::: DATA SUPPLIED :::

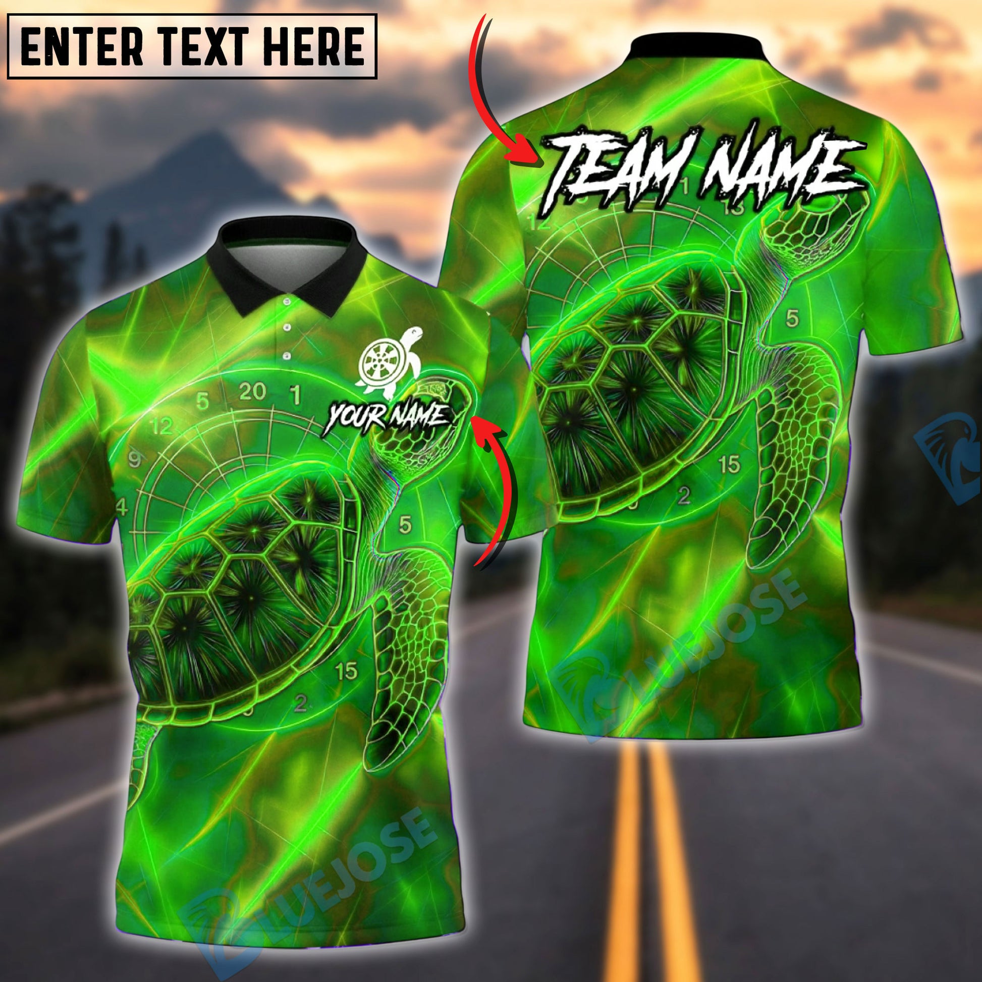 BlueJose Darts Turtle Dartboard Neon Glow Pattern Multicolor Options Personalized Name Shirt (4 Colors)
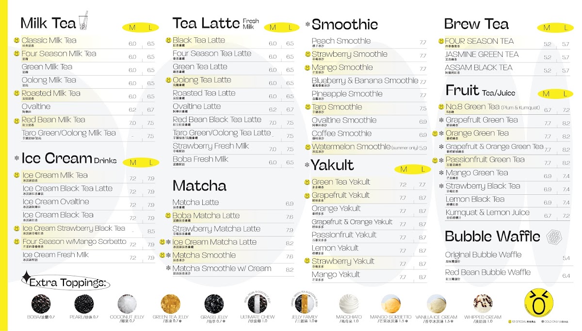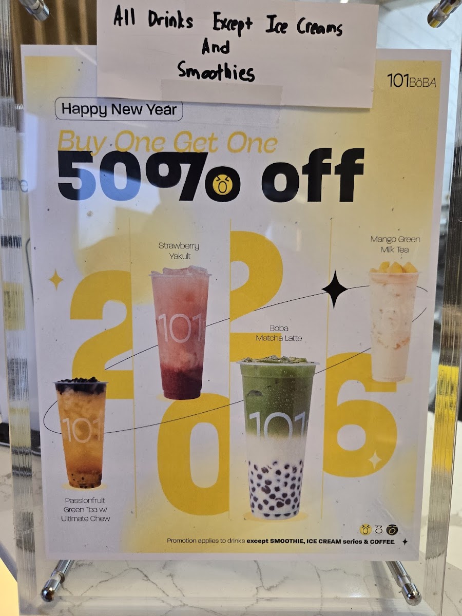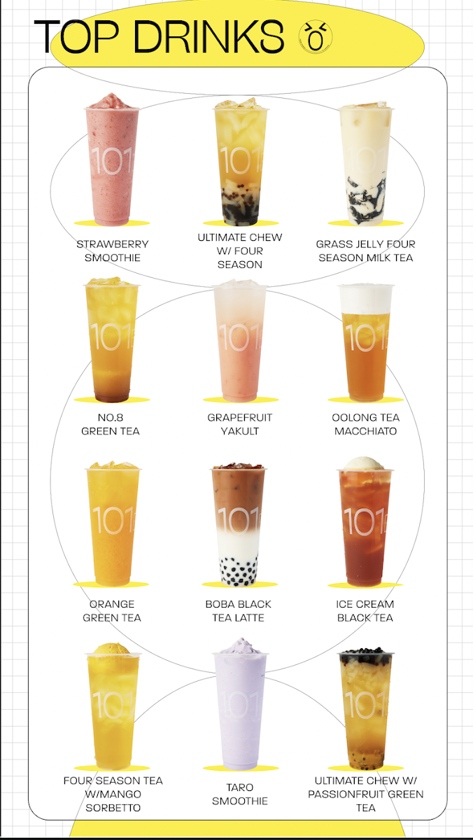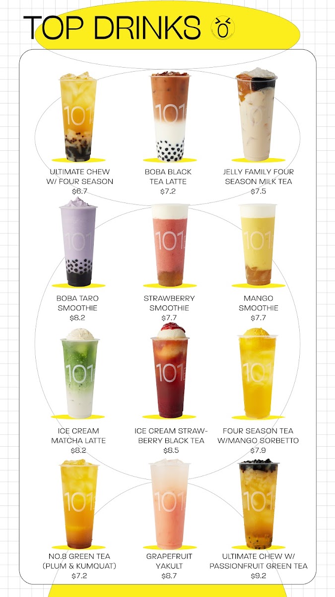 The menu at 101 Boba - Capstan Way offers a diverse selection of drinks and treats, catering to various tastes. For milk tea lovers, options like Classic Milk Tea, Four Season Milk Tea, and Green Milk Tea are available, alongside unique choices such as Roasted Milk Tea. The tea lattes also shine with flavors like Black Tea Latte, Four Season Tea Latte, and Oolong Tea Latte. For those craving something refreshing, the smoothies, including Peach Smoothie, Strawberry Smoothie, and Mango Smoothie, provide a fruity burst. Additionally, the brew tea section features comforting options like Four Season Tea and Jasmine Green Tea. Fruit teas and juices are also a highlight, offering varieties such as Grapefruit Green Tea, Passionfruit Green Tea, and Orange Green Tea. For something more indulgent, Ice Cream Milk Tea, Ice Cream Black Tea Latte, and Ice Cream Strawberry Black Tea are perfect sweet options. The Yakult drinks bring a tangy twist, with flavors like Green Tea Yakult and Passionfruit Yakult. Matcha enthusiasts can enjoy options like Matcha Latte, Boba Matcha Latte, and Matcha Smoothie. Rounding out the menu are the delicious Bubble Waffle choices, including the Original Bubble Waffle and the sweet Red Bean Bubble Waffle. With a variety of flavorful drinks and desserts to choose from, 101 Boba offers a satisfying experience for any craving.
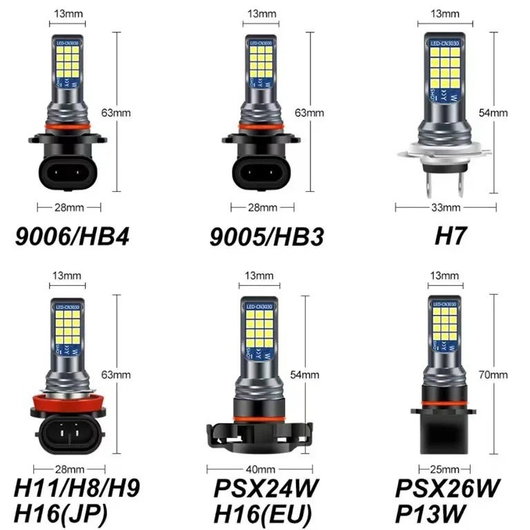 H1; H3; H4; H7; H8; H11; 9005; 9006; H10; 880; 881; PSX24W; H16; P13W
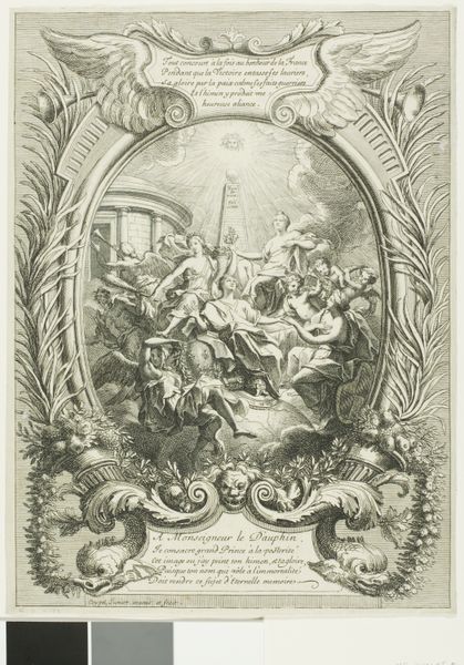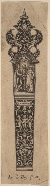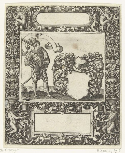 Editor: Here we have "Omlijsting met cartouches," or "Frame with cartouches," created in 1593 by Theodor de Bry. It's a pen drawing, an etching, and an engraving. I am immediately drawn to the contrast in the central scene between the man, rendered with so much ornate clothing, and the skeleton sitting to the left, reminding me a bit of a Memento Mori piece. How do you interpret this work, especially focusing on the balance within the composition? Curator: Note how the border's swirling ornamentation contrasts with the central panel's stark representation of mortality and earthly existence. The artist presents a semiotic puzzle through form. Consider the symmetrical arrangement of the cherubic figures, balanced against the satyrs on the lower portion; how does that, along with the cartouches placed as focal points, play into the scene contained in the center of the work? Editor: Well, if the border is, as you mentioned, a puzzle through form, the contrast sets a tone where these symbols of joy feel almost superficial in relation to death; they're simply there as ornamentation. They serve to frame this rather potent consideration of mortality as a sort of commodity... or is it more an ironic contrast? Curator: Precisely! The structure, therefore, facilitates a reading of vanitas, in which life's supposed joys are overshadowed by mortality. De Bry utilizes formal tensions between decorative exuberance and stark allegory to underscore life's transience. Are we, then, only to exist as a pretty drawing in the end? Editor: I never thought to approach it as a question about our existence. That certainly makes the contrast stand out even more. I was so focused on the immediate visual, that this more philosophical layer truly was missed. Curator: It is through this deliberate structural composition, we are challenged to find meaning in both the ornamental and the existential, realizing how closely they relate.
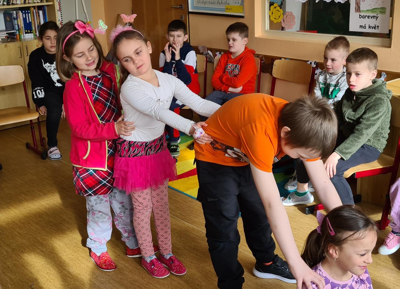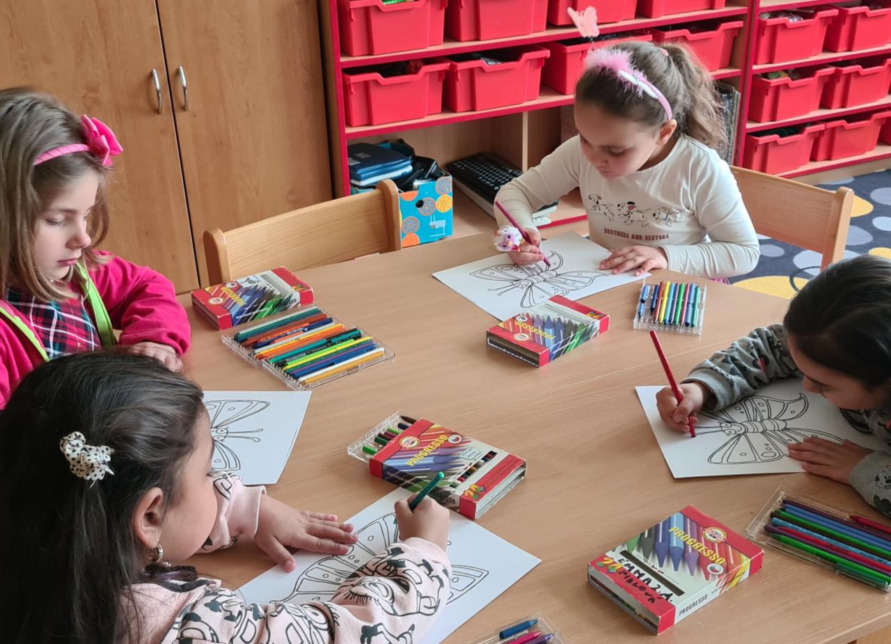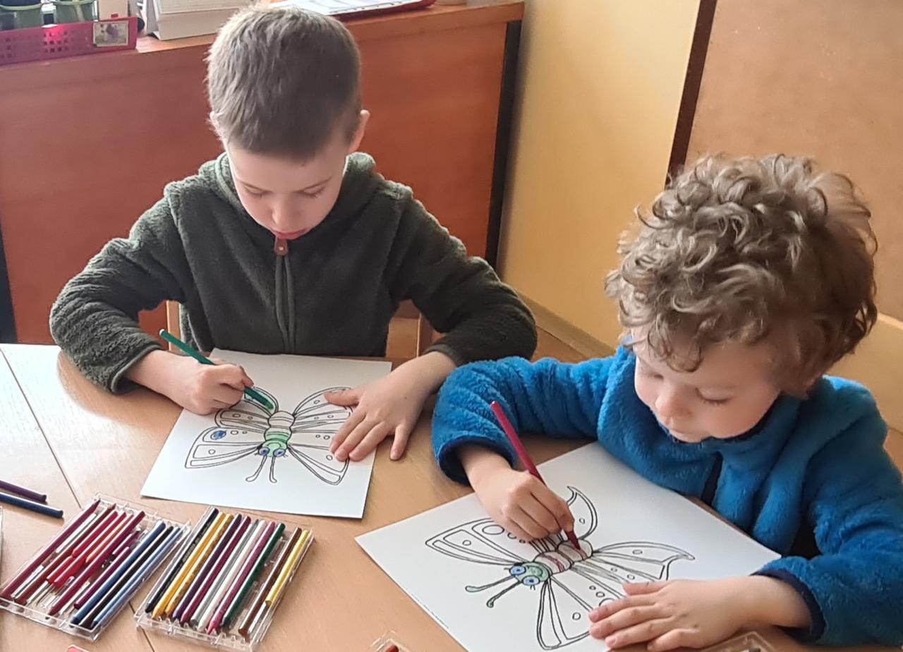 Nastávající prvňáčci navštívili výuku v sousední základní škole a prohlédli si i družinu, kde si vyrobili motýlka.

:::

WHAT THE EXERCISE ASKS. Each line of the data needs to be output exactly, with any image excluded.

SOLUTION FOR THIS TASK.
 BlueJose Darts Turtle Dartboard Neon Glow Pattern Multicolor Options Personalized Name Shirt (4 Colors)
 The menu at 101 Boba - Capstan Way offers a diverse selection of drinks and treats, catering to various tastes. For milk tea lovers, options like Classic Milk Tea, Four Season Milk Tea, and Green Milk Tea are available, alongside unique choices such as Roasted Milk Tea. The tea lattes also shine with flavors like Black Tea Latte, Four Season Tea Latte, and Oolong Tea Latte. For those craving something refreshing, the smoothies, including Peach Smoothie, Strawberry Smoothie, and Mango Smoothie, provide a fruity burst. Additionally, the brew tea section features comforting options like Four Season Tea and Jasmine Green Tea. Fruit teas and juices are also a highlight, offering varieties such as Grapefruit Green Tea, Passionfruit Green Tea, and Orange Green Tea. For something more indulgent, Ice Cream Milk Tea, Ice Cream Black Tea Latte, and Ice Cream Strawberry Black Tea are perfect sweet options. The Yakult drinks bring a tangy twist, with flavors like Green Tea Yakult and Passionfruit Yakult. Matcha enthusiasts can enjoy options like Matcha Latte, Boba Matcha Latte, and Matcha Smoothie. Rounding out the menu are the delicious Bubble Waffle choices, including the Original Bubble Waffle and the sweet Red Bean Bubble Waffle. With a variety of flavorful drinks and desserts to choose from, 101 Boba offers a satisfying experience for any craving.
 H1; H3; H4; H7; H8; H11; 9005; 9006; H10; 880; 881; PSX24W; H16; P13W
 Editor: Here we have "Omlijsting met cartouches," or "Frame with cartouches," created in 1593 by Theodor de Bry. It's a pen drawing, an etching, and an engraving. I am immediately drawn to the contrast in the central scene between the man, rendered with so much ornate clothing, and the skeleton sitting to the left, reminding me a bit of a Memento Mori piece. How do you interpret this work, especially focusing on the balance within the composition? Curator: Note how the border's swirling ornamentation contrasts with the central panel's stark representation of mortality and earthly existence. The artist presents a semiotic puzzle through form. Consider the symmetrical arrangement of the cherubic figures, balanced against the satyrs on the lower portion; how does that, along with the cartouches placed as focal points, play into the scene contained in the center of the work? Editor: Well, if the border is, as you mentioned, a puzzle through form, the contrast sets a tone where these symbols of joy feel almost superficial in relation to death; they're simply there as ornamentation. They serve to frame this rather potent consideration of mortality as a sort of commodity... or is it more an ironic contrast? Curator: Precisely! The structure, therefore, facilitates a reading of vanitas, in which life's supposed joys are overshadowed by mortality. De Bry utilizes formal tensions between decorative exuberance and stark allegory to underscore life's transience. Are we, then, only to exist as a pretty drawing in the end? Editor: I never thought to approach it as a question about our existence. That certainly makes the contrast stand out even more. I was so focused on the immediate visual, that this more philosophical layer truly was missed. Curator: It is through this deliberate structural composition, we are challenged to find meaning in both the ornamental and the existential, realizing how closely they relate.
 Nastávající prvňáčci navštívili výuku v sousední základní škole a prohlédli si i družinu, kde si vyrobili motýlka.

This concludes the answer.